Friday, May 2, 2014

The Front Stoop

It’s that rare San Francisco heat wave and how I love it! The other day, got an iced coffee and wanted to be outside, so with no benches available, just sat on the sidewalk and sipped. Watched the world pass by. Wondered if people would throw a quarter into my hat if  I turned it upside down. But I needed it on my head— the sun was out and I don’t have much protection there!

Sitting like that reminded me of my childhood hanging out on the front stoop in the summer. Just used to sit on my steps, my cat Zorro on my lap and watched and listened and thought my thoughts and talked to the neighbors passing by (long before the invention of those distracting hand-held devices). That delicious sense of doing nothing in particular, just sitting.

Years later, I took up the formal practice of sitting, the Zen meditation called zazen. In Soto Zen, they call it “Shikantaza” which literally means “just sitting.” A tighter, more concentrated version of my front stoop childhood practice with attention to posture and breath and stillness, a formal practice derived from the ancient casual one.

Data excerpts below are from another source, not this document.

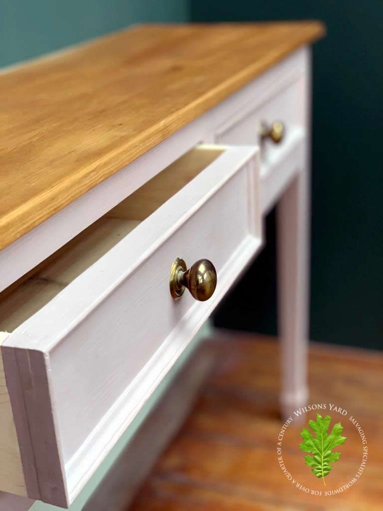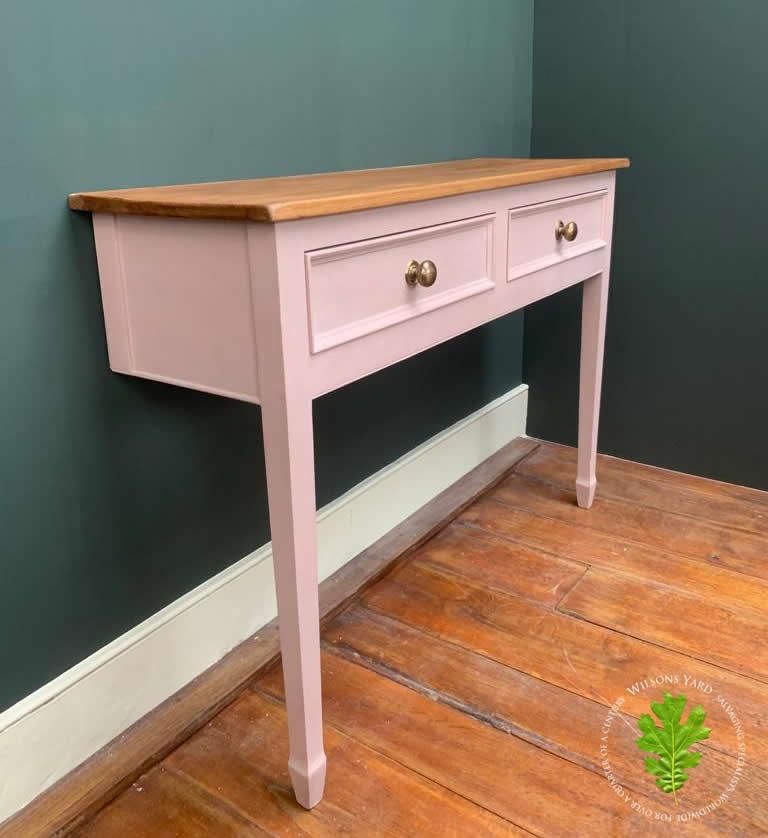Petite console table with reclaimed pine top, 2 drawers and tapered legs with spade feet. The table had two legs so will sit tight to the wall avoiding spirting board. Finished in Farrow and ball Sulking room pink.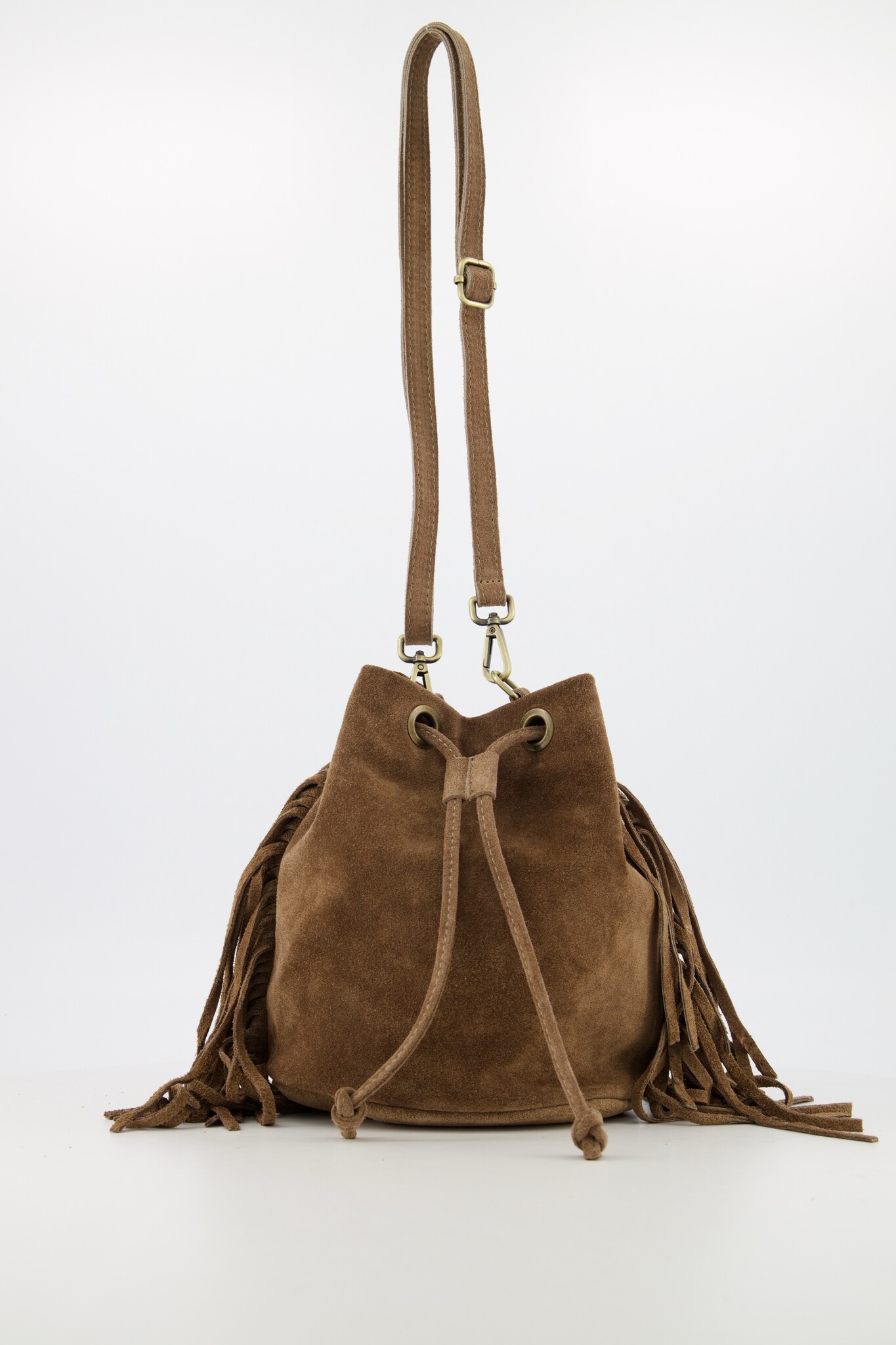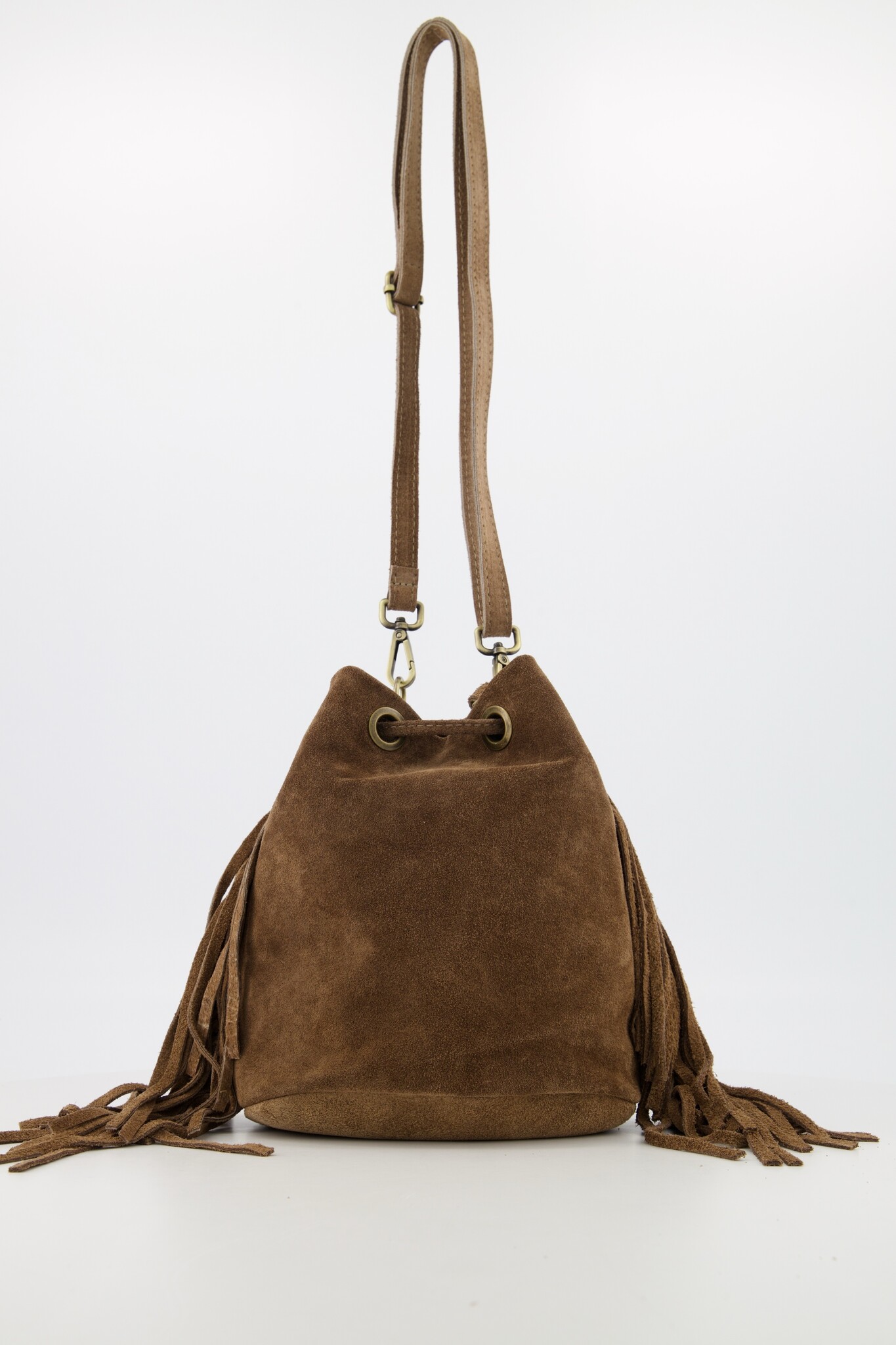 De Hazel is een stijlvolle tas van zacht suède leer voorzien van een afneembaar en verstelbaar hengsel, geschikt om crossbody of over de schouder te dragen. Het hoofdvak sluit met een magneetsluiting en een trekkoord en heeft binnenin een handig ritsvakje. De franjes aan de zijkanten geven de tas een trendy touch. Ideaal voor modewinkels en boetieks die op zoek zijn naar tijdloze, hoogwaardige accessoires.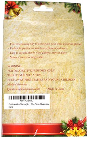 -. Binding : Health and Beauty -. Brand : Modern Vino -. Color : White -. EAN : 0718194975126 -. Feature : Perfect Gift for Christmas! Great for Holiday Parties! Perfect to Identify your Wine Glass / Elegant and Fun way to Distinguish your Wine and Drink Glasses! / Easy to open clasp! Most wine charm clasps hurt your fingers, but ours are super easy to open and close! / Set of 6 Metal Wine Charms -. Label : Modern Vino -. Manufacturer : Modern Vino -. Model : No Model -. MPN : No MPN -. PackageQuantity : 5 -. PartNumber : No MPN -. ProductGroup : Kitchen -. ProductTypeName : KITCHEN -. Publisher : Modern Vino -. Studio : Modern Vino -. Title : Christmas Wine Charms (Set of 6) - Great for Holiday Parties, Perfect to Identify your Wine Glass - Modern Vino -. UPC : 718194975126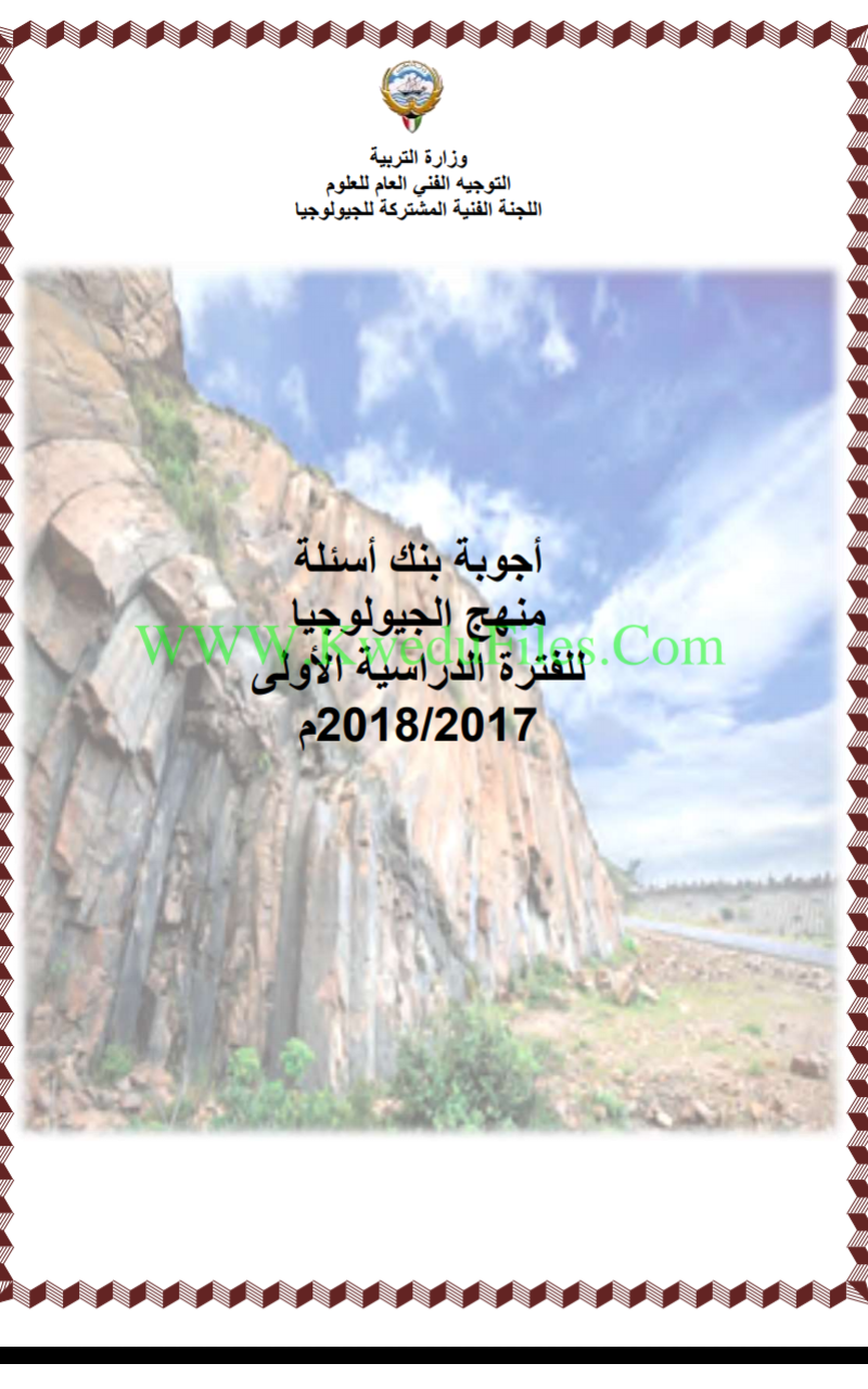 اجوبة بنك اسئلة الجيولوجيا للعام 2017_2018, التوجيه الفني العام للعلوم, الصف الحادي عشر العلمي, جيولوجيا, الفصل الأول, 2018-2019 - المناهج الكويتية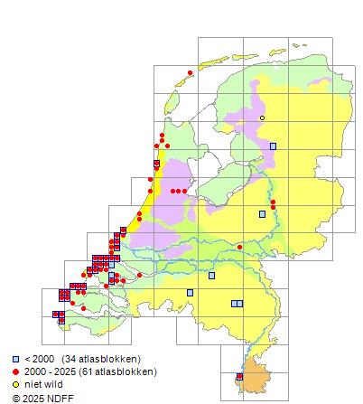 VlaanderenZeer zeldzaam, maar plaatselijk vrij algemeen langs de kust.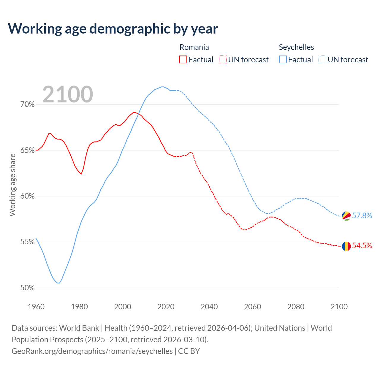 - Romania has 12.1M working age adults (aged 15-64) vs 90.3K in the Seychelles.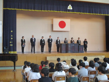 「西の杜学園の目指す児童生徒像に向けて『授業』『友達・家族・先生・自分』『あきらめない心』を大事にしてほしい。学校の決まりをみんなで守り、みんなが安心して笑顔で過ごせる学校をつくっていこう」と、お話がありました。

And throughout my life, I traveled to those lovely places like India, Bali, Ghana, where hanging out was a national pastime. They were each distinct, but all had some things in common— and perhaps most significant of them all— hot weather!

There is something about hot weather that kills ambition. We dismount from the horse of accomplishment and let it wander freely in the field while we lie down in the grass and look up at the clouds. Or, if we’re lucky to have one nearby, go jump in the lake. We’re losing that skill, seduced away from the pleasures of hanging out by the constant allure of electronic connection. Perhaps it's no accident that it's hard to see that computer screen outside in the blazing sun. It's an indoor activity. Great for long winter nights when we can pull up images of Hawaii on the screen. 

But today, Hawaii has come to San Francisco. And so, I leave the computer and go out to lie down in the back yard. Or maybe I’ll sit on the front stoop.